Depuis 2011, comment la filière s'est-elle structurée ?
Les demandes d'adhésions à l'UPGE augmentent. En un an, nous sommes passés de douze membres à trente. Mais nous ne recherchons pas le nombre et filtrons les candidatures. Par ailleurs, l'articulation entre les différents acteurs est plus fluide. Nous réussissons à avoir une vraie cohérence et cohésion dans les activités de la filière.
Le génie écologique a été intégré au contrat de filière eau. Est-ce une reconnaissance importante pour vous ?

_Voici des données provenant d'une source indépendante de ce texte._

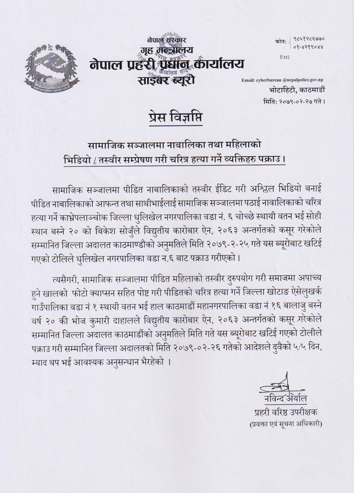 यस्तै महिलाको तस्बि दुरुपयोग गरी समाजमा अपाच्य हुने खालको फोटो क्याप्सनसहित पोस्ट गरी महिलाको चरित्र हत्या गरेको आरोपमा खोटाङ, ऐसेलुखर्ककी २० वर्षीया भोजकुमारी दाहाललाई पनि प्रहरीले पक्राउ गरेको छ । उनीहरूमाथि काठमाडौं जिल्ला अदातलबाट पाँच दिनको म्याद थप भई अनुसन्धान गरिरहेको प्रहरीको भनाइ छ ।

Oui. Le génie écologique n'est pas uniquement représenté par le milieu aquatique mais c'est là qu'on trouve les principaux impacts. Et il est acquis que la gestion de la qualité de l'eau n'est pas qu'une question technologique ou chimique mais bien aussi systémique. Par ailleurs, il existe une vraie démarche dans le cadre du Cosei (Comité stratégique des éco-industries) et lors de la récente conférence environnementale, la filière génie écologique a été reconnue comme stratégique à la table ronde « emploi ».
Le projet de loi sur la modernisation de l'action publique prévoit d'accorder aux EPCI une compétence de gestion des milieux aquatiques. Cela pourrait-il profiter à la filière ? Nous serons vigilants à ce que l'on ne donne pas une capacité d'action sur des milieux très sensibles à des personnes qui n'ont pas l'expérience ou les compétences développées par notre filière. Malheureusement, dans les politiques publiques, il arrive trop souvent que l'on confonde la compétence d'action avec la compétence technique. Si les EPCI travaillent vraiment avec les professionnels de la filière, cela se passera bien. Mais si on se situe uniquement dans l'application de méthodes standards, cela pourrait très bien se transformer en catastrophe.